On the other hand, we carry out the paired t-test over the set of estimated ROIs to make clear which areas contribute the most to differentiate between the different conditions, namely, faces and scrambled faces. For the sake of generalization, we also merge the obtained sets of ROI for both considered paradigms. As a result, the most discriminating areas are identified in the occipitotemporal brain (see Figs. 4 and 5). Meanwhile, this area has been reported to be related to the structural encoding of faces [12]. In this regard, MSP is the mapping technique that shows the most powerful and localized activity in the occipitotemporal area, favoring the interpretation of the assessed connectivity measures.

4 Discussion and Concluding Remarks

We have investigated the influence of EEG source reconstruction for brain connectivity analysis, according to the following steps:

  1. 1.

    Selection of brain mapping method, contrasting LORETA, BMF and MSP

  2. 2.

    ROI selection based on the estimated maps of neural activity

  3. 3.

    We apply two connectivity measures: Kullback-Leibler divergence and Coherence

The main aspect concerns the selected brain mapping method for imaging EEG activity. The first tested method of brain mapping was LORETA has a relatively low spatial resolution because the localization is preserved with a certain amount of dispersion [13].Therefore, the estimated brain activity is more blurred, producing broad zones of neural activity. On the other hand, the use of BMF improves identification of the source signals from electroencephalographic measurements [1], nevertheless, BMF tends to estimate several spurious activated areas, misleading the connectivity analysis. This effect appears to be directly related to the estimation complexity of the source covariance matrix [12].

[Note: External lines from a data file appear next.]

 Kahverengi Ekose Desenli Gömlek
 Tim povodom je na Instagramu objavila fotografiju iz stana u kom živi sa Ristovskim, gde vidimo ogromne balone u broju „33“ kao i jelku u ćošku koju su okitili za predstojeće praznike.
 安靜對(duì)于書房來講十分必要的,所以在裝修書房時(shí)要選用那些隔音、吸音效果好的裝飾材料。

On the other hand, MSP allows to perform source activity reconstruction so that we obtain more precise regions of activation. Furthermore, due to the low spatial resolution, LORETA algorithm often locates erroneous regions with activity, where powerful common sources should not be present. Therefore, although LORETA has been widely used in the last years to reconstruct brain activity, its confidence of estimated areas of activation may be not enough [7]. From obtained results validating on simulated and real-world recordings, MSP-based estimation of ROI time courses allows improving the connectivity accuracy regardless the used measure for all tested values of SNR. Furthermore, MSP allows estimating ROIs centered at locations related to the experimental task at hand (i.e., face perception). Thus, the estimated energy has greater activity in the visual cortex (Occipital Lobe) and the somatosensory area for either testing paradigm (faces or scrambled faces). This result totally matches the accepted physiological interpretation about visual stimulation.

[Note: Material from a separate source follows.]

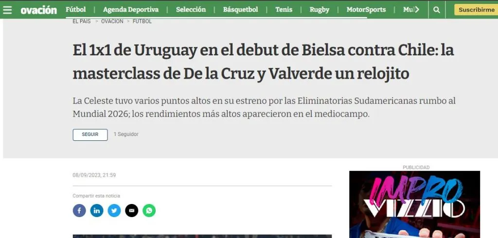 Las repercusiones en Uruguay por el partidazo de De la Cruz

Generally speaking, a challenging issue relating to brain connectivity analysis is how to identify ROI sets (obtained from the brain mapping method) precisely, at very short temporal scales; this dilemma remains common for all cognitive tasks [9] and for the study of the brain pathologies [2, 16]. We have used an approach to select regions of interest ROI similar to [12], in order to ensure that the selected regions of interest have been the ones that have had the most energy and best describe the behavior of brain states. As a result, the introduced ROI sets enhance the performed detection accuracy. Another aspect of consideration is the involved measure of connectivity analysis. Here, we compare both Kullback-Liebler divergence and Coherence measures that provide similar behaviors as already had been reported in the literature [8]. Nevertheless, the used EEG source estimation method clearly influences the assessed connectivity. For instance, a poor source reconstruction may lead the incorrect selection of ROIs for separating responses to different stimulus. As a result, the source estimation method must be chosen carefully in all studies conducted in brain connectivity. As future work, authors plan to test the introduced approach over diverse paradigms, clustering, and connectivity measures. Furthermore, an online extension of the brain connectivity analysis can be proposed to include the temporal variations of the inter-channel relationships directly.